Furthermore, it is well-known that in the development of children, being confronted with a certain amount of unfriendly behaviors in their surroundings is essential for developing a child’s character. By experiencing the consequences of bad behavior in other humans, the child realizes that it may be better not to behave in a bad manner and subsequently develops virtues (see, for example, von Tetzchner, 2005, chaps. 16, 17, 20). In other words, the child unconsciously might think, “I do not want to behave in this or that way.” Of course, this only holds to a certain, very limited extent; a child should obviously not grow up with an excessive amount of unfriendliness or morally harmful behavior in his/her surroundings. This example suggests that it would be essential to make distinctions between stages of the moral development of humans interacting with an AI.
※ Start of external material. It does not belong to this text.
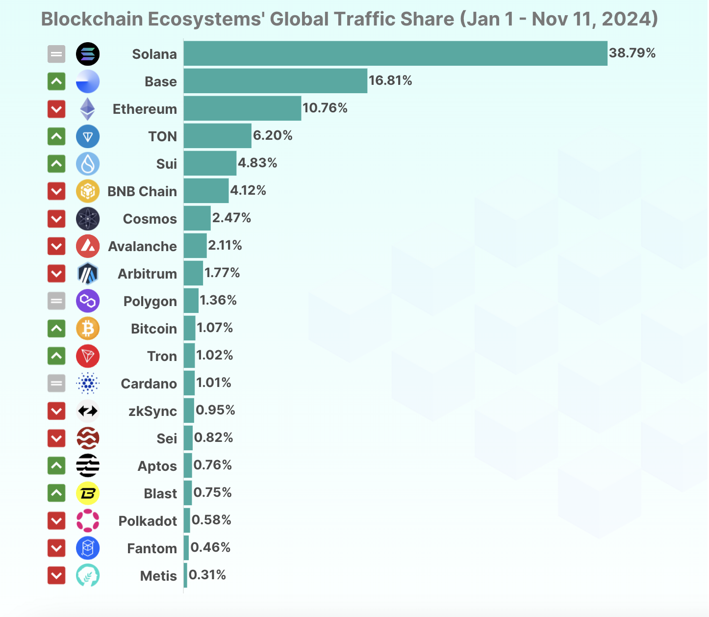 En mesurant les parts de trafic mondial des 20 principaux écosystèmes blockchain, Solana affiche une performance remarquable avec un pourcentage impressionnant de 38,79 % des parts totales de trafic. En deuxième place, Base détient 16,81 %, portant le total de ces deux écosystèmes à près de 56 % au 11 novembre.

Thus, while it is correct in this case that interaction with Non-Friendly AI or Slave AI could result in, for example, children becoming less morally sensitive, this does not necessarily depend on the use of Slave AI or Non-Friendly AI. Possible habitual effects of interaction with AI cannot necessarily be averted by introducing Friendly AI instead of, for example, ‘neutral’ AI.

Similar issues occur concerning the second case (A2), in which Friendly AI is claimed not to actively undermine the development of virtue. Indeed, if, as in (1a) and (1b), the interacting humans are not in a significant process of developing their virtues or characters, then (A2) would obviously be true. However, then the alleged positive effects of Friendly AI are trivial. In the more interesting and presumably more relevant case (2) in which the interacting humans are in a process of development with respect to their virtues, such as a child or an adolescent, the situation is again not clear. Although it may matter that Friendly AI is friendly, in parallel to the first case, the mere fact and realization that the AI is a machine may lead to unexpected negative behavior. Consider the caretaking Friendly AI from the previous example. Again a child taken are of may learn and develop the habit to misbehave while interacting with the AI simply because the AI is a machine and independent of the fact whether the machine is a Friendly AI or not. To be sure, one could argue that this does not actively undermine the development of virtue. However, suppose it is correct that the mere fact and realization that the AI is a machine may lead to unexpected negative behavior. In that case, it is reasonable to think that the AI nevertheless is actively undermining by ‘being’ an AI, although not necessarily by its proposed friendliness.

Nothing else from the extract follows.